▶ _Work request_
The line containing "青岛档案馆工作人员对翟广顺的捐献表示感谢,并向翟广顺颁发收藏证书。" and every line after it to the end of the records: set those down exactly, without any pictures.

Start of Block

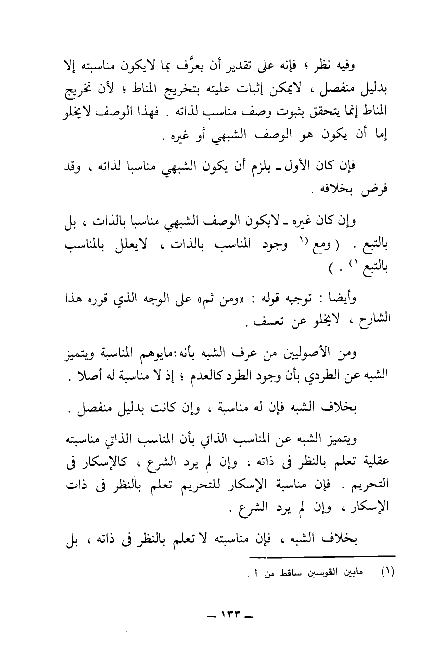 وَفِيهِ نَظَرٌ، فَإِنَّهُ عَلَى تَقْدِيرِ أَنْ يُعَرَّفَ بِمَا لَا يَكُونُ مُنَاسَبَتُهُ إِلَّا بِدَلِيلٍ مُنْفَصِلٍ، لَا يُمْكِنُ إِثْبَاتُ عِلِّيَّتِهِ بِتَخْرِيجِ الْمَنَاطِ ; لِأَنَّ تَخْرِيجَ الْمَنَاطِ إِنَّمَا يَتَحَقَّقُ بِثُبُوتِ وَصْفٍ مُنَاسِبٍ لِذَاتِهِ، فَهَذَا الْوَصْفُ لَا يَخْلُو إِمَّا أَنْ يَكُونَ هُوَ الْوَصْفَ الشَّبَهِيَّ، أَوْ غَيْرَهُ.
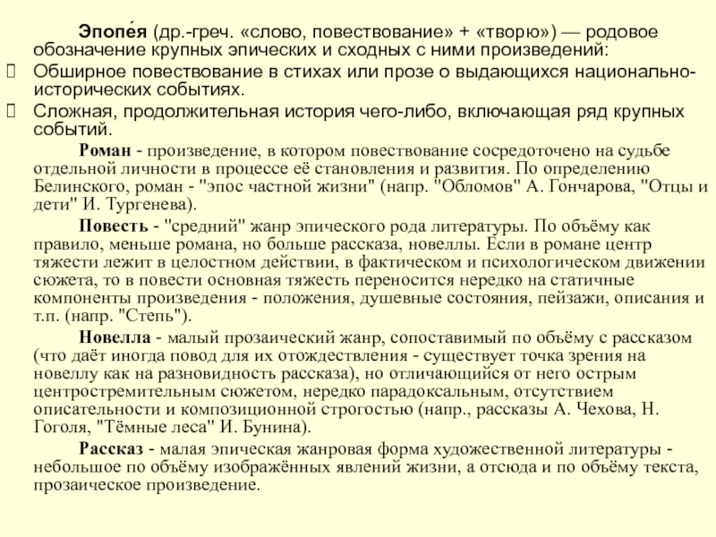 Слайд 14 Эпопе́я (др.-греч. «слово, повествование» + «творю») — родовое обозначение крупных эпических и сходных с ними произведений:
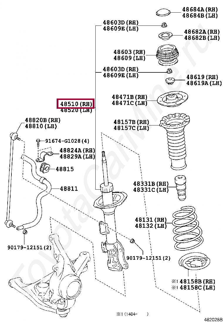 48510-80440, ABSORBER ASSY, SHOCK, FRONT RH
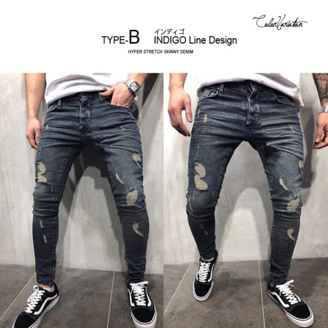 ジーパン メンズ ハイパーストレッチ ストレッチ スキニー ジーンズ ハイパーストレッチ ダメージ加工 クラッシュデニム ジーンズ 春新作
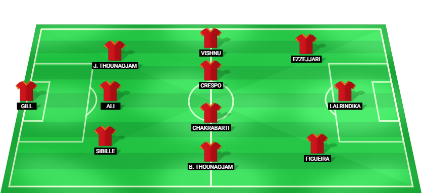 Gill (GK), Sibille (DF), Ali (DF), J. Thounaojam (DF), B. Thounaojam (MF), Chakrabarti (MF), Crespo (MF), Vishnu (MF), Figueira (FW), Ezzejjari (FW), Lalrindika (FW).
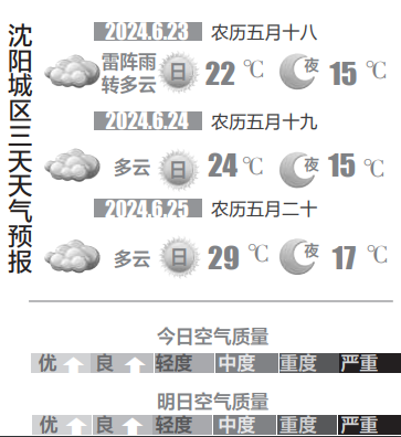 下周一随着冷涡移出,沈城转为多云天气,气温稍有回升,最高气温在24℃左右,最低气温在15℃上下,这样的天气比较适宜户外活动。下周二到周四沈城在晴和多云之间转换,气温继续回升,最高气温将升至29℃到33℃之间,最低气温在17℃到20℃之间,随着气温的升高,空调成为大多数人对抗酷热的神器,提醒大家在享受空调带来的凉爽的同时,不要长时间呆在密闭的空调房内。(沈阳晚报、沈报全媒体主任记者吕佳)
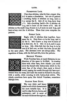 In America, Pullan was able to pursue a project of writing a comprehensive illustrated encyclopedia of fancywork. The Lady's Manual of Fancy-Work (1859) was wide-ranging, even encompassing patchwork, which was not usually included in needlework and fancywork books.[4]
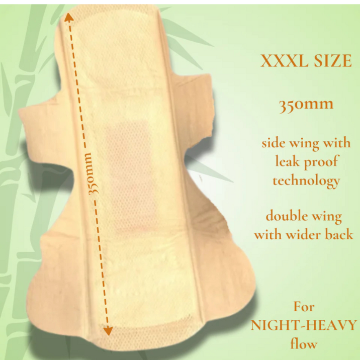 Jiswap Bamboo Fiber 100% Natural Organic – Chemical & Rash Free Sanitary Pad, XXXL-Size (Pack of 40)
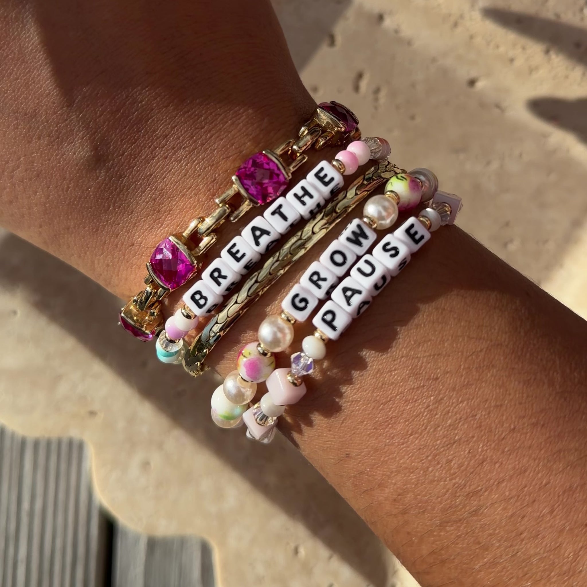 Heart Pieces: Gold Vermeil Pink CZ Cushion-cut Bracelet - 7",Gold Tone Snake Chain- 7" Little Words Project: Breathe - SM, Grow -SM, Pause- SM Items are unique and vintage- please handle with care and shop responsibly.</p> <p> All sales are final! </p> |
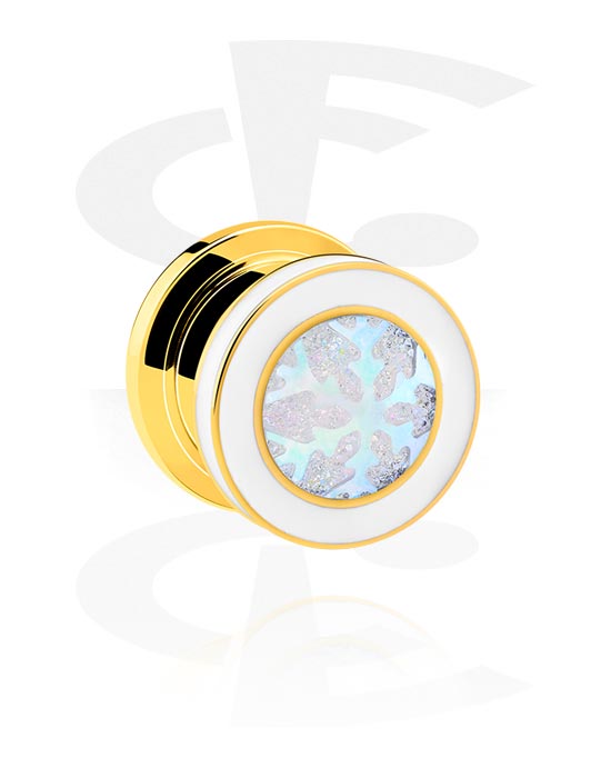 Screw-on tunnel (surgical steel, gold, shiny finish) with snowflake design in various colours
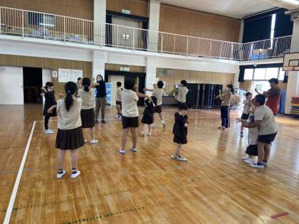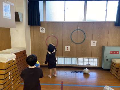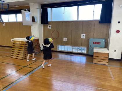 講堂でボール遊びをしました。キャッチボールでは、上級生が下級生に優しくボールを投げている思いやりの場面がありました。遠くにボールを投げるには…?上半身を反らせてみると、壁まで届くようになりましたね!
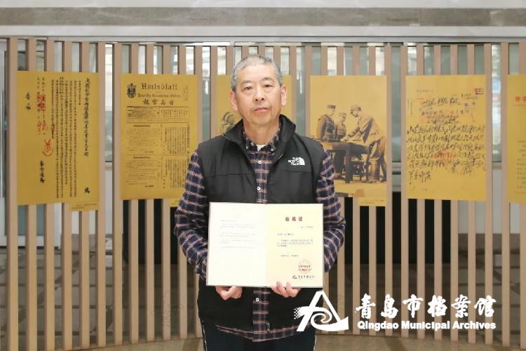 青岛档案馆工作人员对翟广顺的捐献表示感谢,并向翟广顺颁发收藏证书。
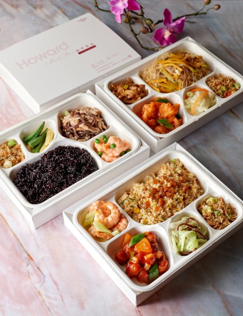 蓬萊邨(左)紫米養生飯餐盒(下)烏魚子炒飯餐盒(右上)金瓜炒米粉餐盒 vic:台北福華
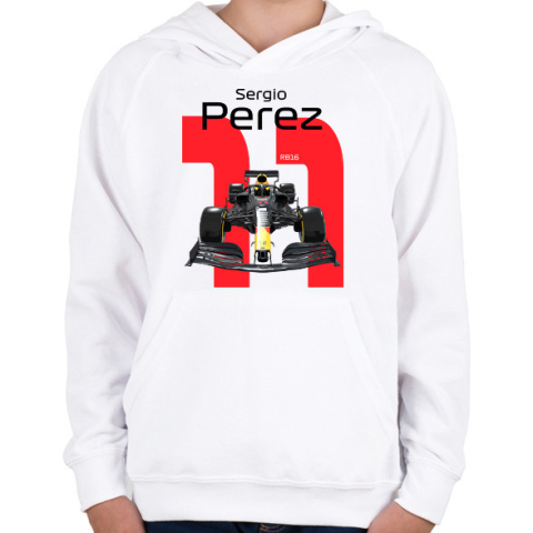 1 kép PRINTFASHION Sergio Perez 11 autóversenyző - fekete felirat - Gyerek kapucnis pulóver - Fehér
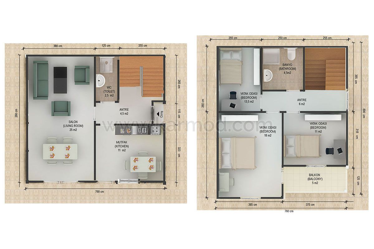НЕСУЧА СПРОМОЖНІСТЬ ШАССИ 200 кг/м² (Для двоповерхових будинків) (розрахунок по турецьким стандартам T.S 498)
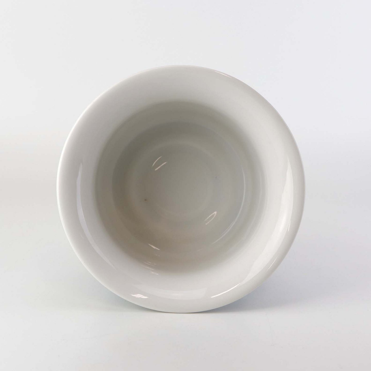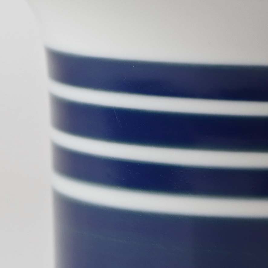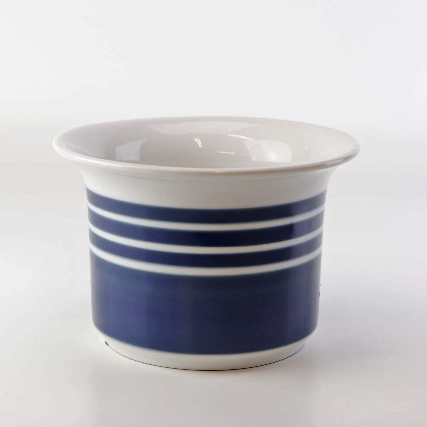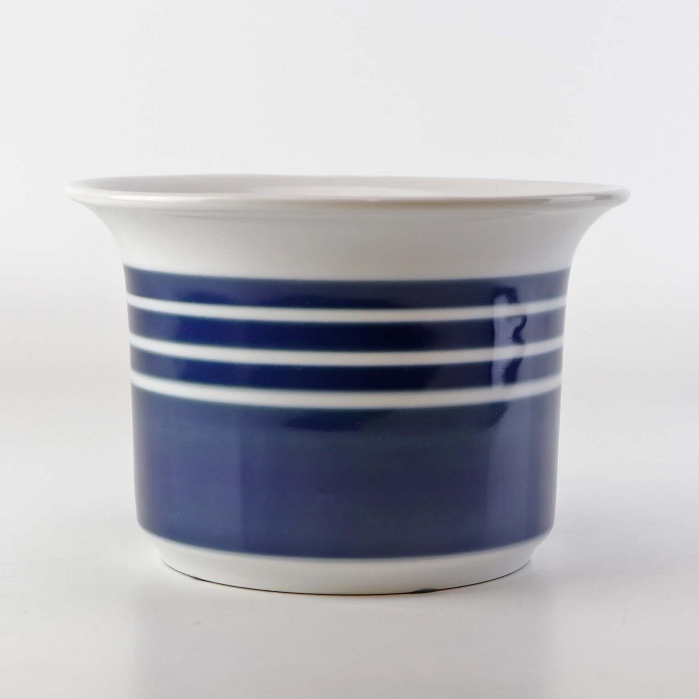 Mellemstørrelse urtepotteskjuler i glat hvidt porcelæn dekoreret med blå striber. Nr. 1855/6103Formgiver Edith Sonne
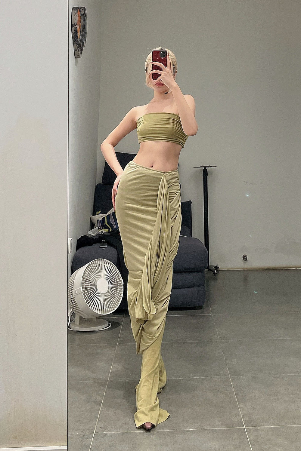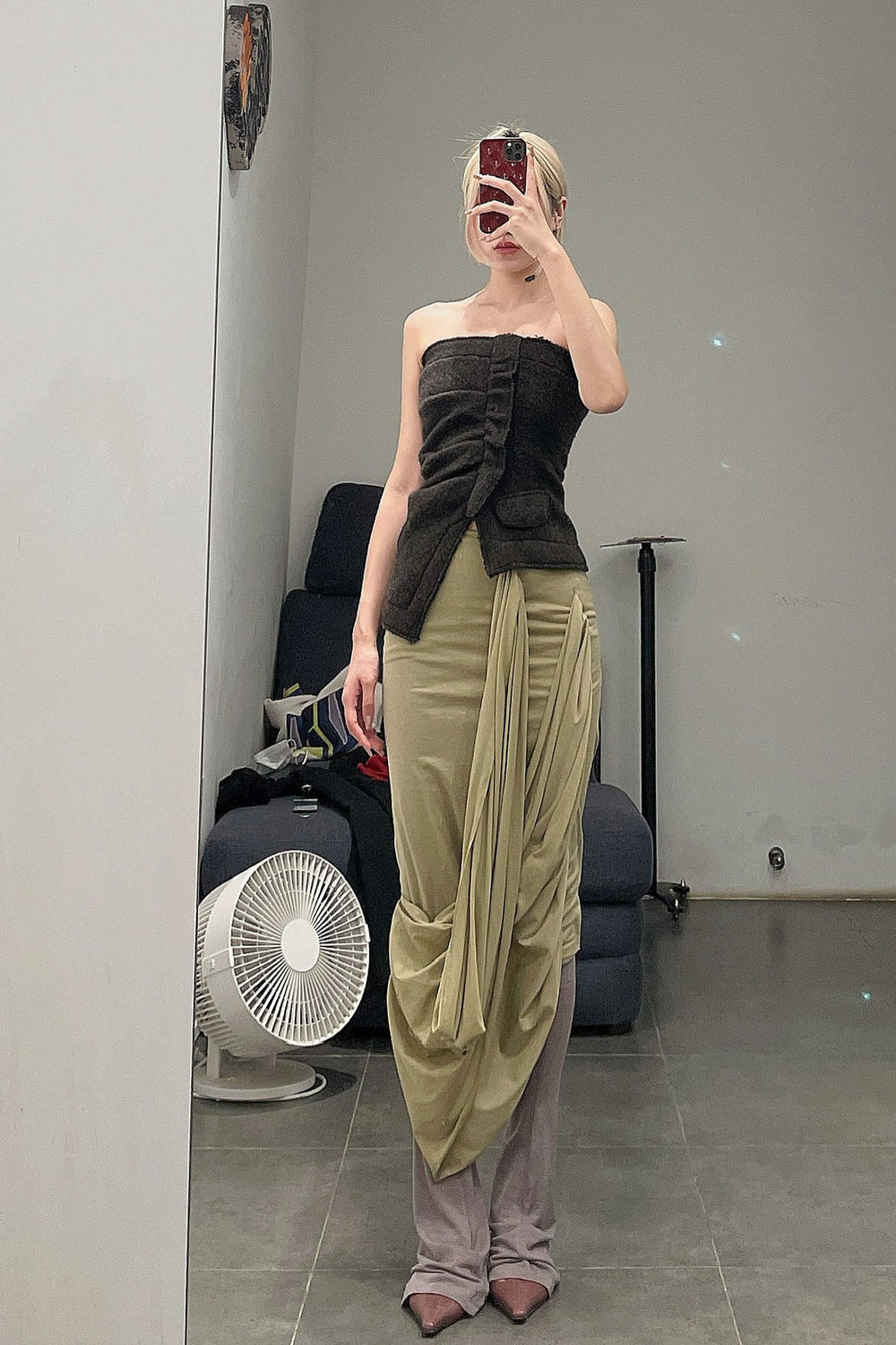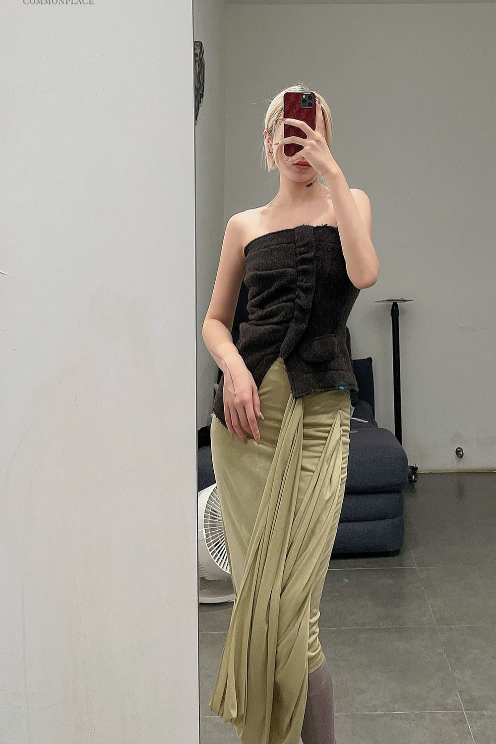Un Morceau Knit Wrap Cut Skirt AW22 UM222XZ15 Green PUM32

End of Block

▶ _Answer section_
 青岛档案馆工作人员对翟广顺的捐献表示感谢,并向翟广顺颁发收藏证书。
 蓬萊邨(左)紫米養生飯餐盒(下)烏魚子炒飯餐盒(右上)金瓜炒米粉餐盒 vic:台北福華
 1 kép PRINTFASHION Sergio Perez 11 autóversenyző - fekete felirat - Gyerek kapucnis pulóver - Fehér
НЕСУЧА СПРОМОЖНІСТЬ ШАССИ 200 кг/м² (Для двоповерхових будинків) (розрахунок по турецьким стандартам T.S 498)
 Mellemstørrelse urtepotteskjuler i glat hvidt porcelæn dekoreret med blå striber. Nr. 1855/6103Formgiver Edith Sonne
Un Morceau Knit Wrap Cut Skirt AW22 UM222XZ15 Green PUM32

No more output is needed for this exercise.